Automated Design for Synthesis and Assembly | AIChE

Automated Design for Synthesis and Assembly

Authors 

Oberortner, E. - Presenter, Lawrence Berkeley National Laboratory
Hillson, N. J., DOE Joint BioEnergy Institute
Deutsch, S., DOE Joint Genome Institute
Cheng, J. F., Lawrence Berkeley National Laboratory

Not every DNA sequence that one could conceive can be effectively manufactured using state-of-the-art DNA synthesis technologies. Over the last years and through the synthesis of many million base pairs, the DNA synthesis community has acquired knowledge regarding the feasibility of manufacturing synthetic DNA. Empirical analysis have enabled to identify common sequence features that impact the success/failure rates of synthetic DNA. Such features include, for example, repeating sequences, sequences with low or high GC content, or sequences that contain restriction sites.

A current major bottleneck for an efficient cost and time effective DNA synthesis process is the lack of incorporation of the DNA synthesis knowledge into the design process. Non-compliant designs result in severe process inefficiencies as: (i) sequences are often rejected by DNA synthesis vendors, (ii) when not rejected, they are synthesized at a higher cost or longer cycle time.

One major collaborative goal of DOE JGI, JBEI, and FutureBio is to develop scalable solutions to design and build complex DNA constructs for strain characterization in parallel with a high success rate. Therefore, we have developed the Sequence Polishing Library (SPL) that consists of various software tools that enable the automation of a "Design for Synthesis and Assembly" workflow. The SPL enables the verification of DNA sequences against specified synthesis constraints, such as repeats or GC content. In case of violations, careful modifications can be suggested that alter the DNA sequence without changing its functionality, such as swapping codons in the DNA’s coding regions. The SPL partitioning tool decomposes DNA sequences that exceed the maximum length of synthesis into synthesizable building blocks.
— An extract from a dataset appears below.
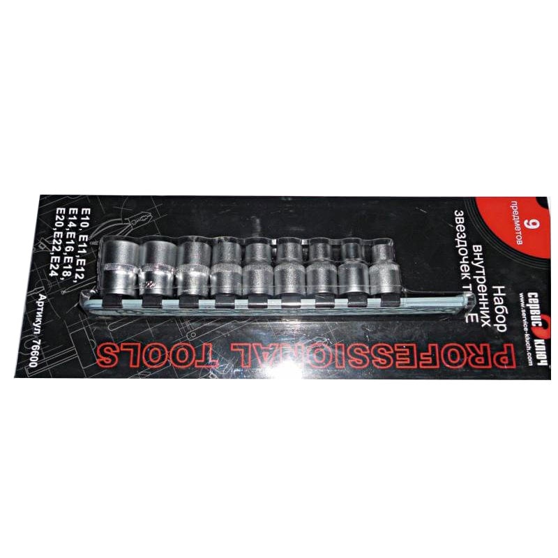 Набор головок внутренних звездочек головок типа Е, 9 предметов. Упаковано в блистер на металлической подложке-держателе. Описание: 1/2 (Е10, Е11, Е12, Е14, Е16, Е18, Е20, Е22, Е24). Изготовлен из высококачественной стали 50bv30.

The challenge here is to find appropriate overlapping sequences between properly sized building blocks in order to assemble the synthesized building blocks effectively. Thus, the partitioning tool enables the user to configure the characteristics of the overlaps, which are mostly determined by the utilized assembly protocol, such as length or melting temperature.

Every tool of SPL supports the exchange of sequence information using common data exchange formats, such as FASTA, GenBank, and SBOL. The SPL Web Application enables users to learn and utilize each tool interactively in an easy manner. In addition, every tool provides a RESTful API in order to programmatically invoke its functionality and to integrate it into automated workflows.